Sam Mendes has withdrawn as the director of the incoming Broadway production of “Charlie and the Chocolate Factory,” the musical that he directed in its premiere production in London, where the show is still running.
Mendes, the director of recent James Bond outing “Spectre,” will remain aboard as producer of the project via his company Neal Street Productions, and will also be involved in the final selection of the director to replace him. “Hairspray” director Jack O’Brien is rumored to be the likely choice, but that has yet to be officially confirmed by those involved in the production.
Mendes cited scheduling difficulties as the reason for his exit, and all sides — including lead producer Warner Bros. Theater Ventures — characterize the departure as amicable. “I knew I couldn’t marry the time commitment to make a Broadway production with the development of my next projects for Neal Street,” he said in a statement.
Mendes’ schedule has always been a hurdle to overcome in getting “Charlie” to Broadway, which opened in London in the summer of 2013 but has long targeted a Broadway bow during the 2016-17 season, in part due to the director’s intervening work on the Bond franchise films “Skyfall” and “Spectre.” “Charlie” remains on track for New York in 2016-17, with some creative tinkering likely to be done before then (although what, exactly, will be tweaked under the new director remains to be determined).
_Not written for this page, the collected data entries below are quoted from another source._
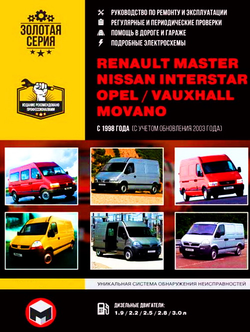 Подробное иллюстрированное справочно-информационное издание Руководство по ремонту Ниссан Интерстар / Renault Master / Opel Movano / Vauxhall Movano, а также руководство по эксплуатации и техническому обслуживанию, устройство Nissan Interstar / Renault Master / Opel Movano / Vauxhall Movano. Эти модели выпускаются с 1998 года, с учетом модификаций 2003 года и оборудуются дизельными двигателями рабочим объемом 1,9, 2,2, 2,5, 2,8, 3,0 л. Ремонт Ниссан Интерстар. Инструкция по эксплуатации. Электросхемы.
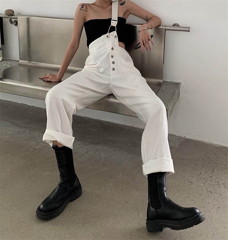 ジーンズ ハイウエスト ストレートレッグ デザインセンス サロペット ワイドパンツ
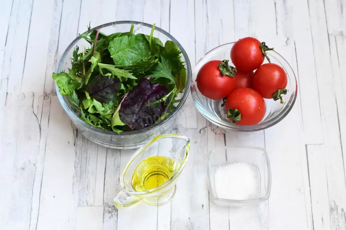 Чтобы начать, подготовьте все необходимые продукты. Помидоры можно использовать как черри, так и обычные. Черри делают блюдо более привлекательным. Салатные листья могут быть как магазинными, так и собранными на вашем огороде.
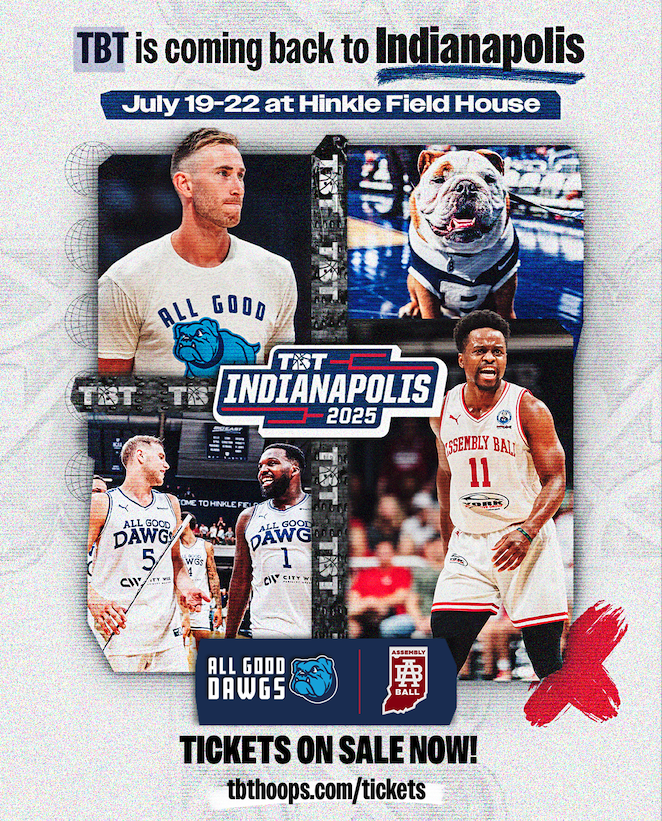 The Basketball Tournament (TBT) is a $1 million, winner-takes-all event — and it’s coming to Indianapolis this summer! The regional will be hosted by All Good Dawgs (Butler Alumni) and Assembly Ball (Indiana Alumni), featuring stars like Yogi Ferrell and Shelvin Mack.
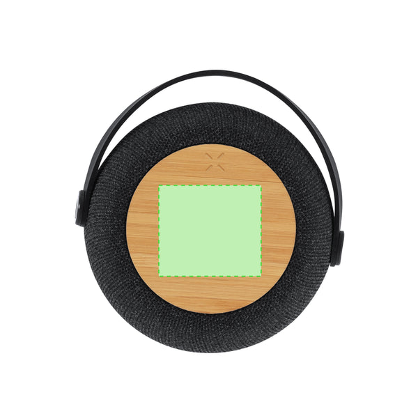Bluetooth® Speaker Charger with 15W Wireless Charging madre from RPET and bamboo. It features an lighting system with 12 LEDs that synchronize with the rhythm of your music, creating vibrant atmospheres. It includes a soft and practical silicone handle for easy transport and RPET logo.RPET material is made from recycled plastic, thus promoting the reuse of plastic waste and helping the sustainability of the planet.Materials such as Bamboo promote the use of natural raw materials, thus reducing pollutant emissions. It comes from a highly resistant and versatile plant, with rapid growth and regeneration, making it an excellent alternative to the use of traditional wood.
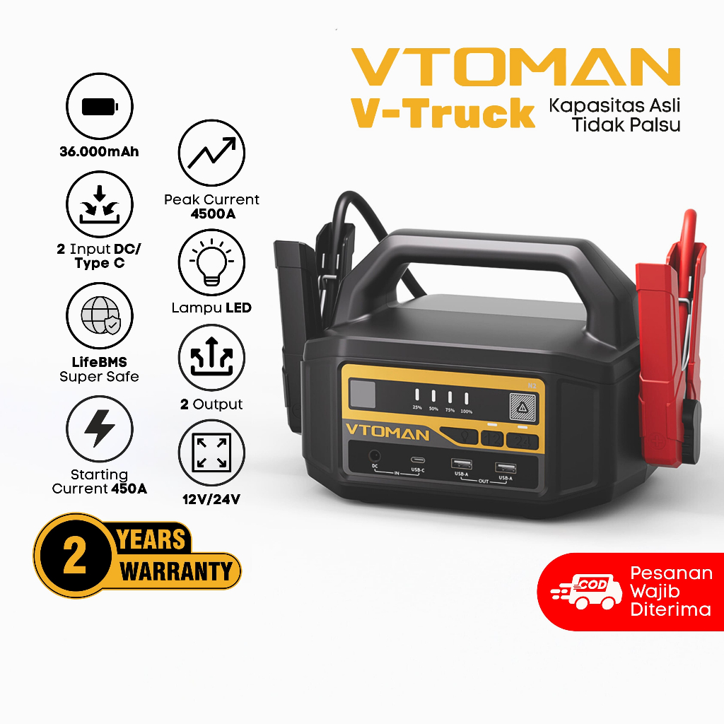 VTOMAN V-Truck Jumper Aki Mobil 12V & 24V Kapasitas 135Wh Jumper Aki Mobil Truck Jumper Aki Mobil Pickup dan Box Vtoman

Although reps for “Charlie” wouldn’t confirm the involvement of O’Brien, the director would make an obvious choice for the project. O’Brien has previously worked with “Charlie” songwriters Marc Shaiman and Scott Wittman on both “Hairspray,” the Tony-winning hit that ran on Broadway for six and a half years, and on the shorter-lived musical adaptation of “Catch Me If You Can.”
Producers Warner Bros. Theater Ventures (Mark Kaufman), Langley Park Productions (Kevin McCormick) and Neal Street (Mendes, Pippa Harris, Caro Newling) expect to confirm the new director in the coming weeks, with the exact Broadway timeline still to be locked in.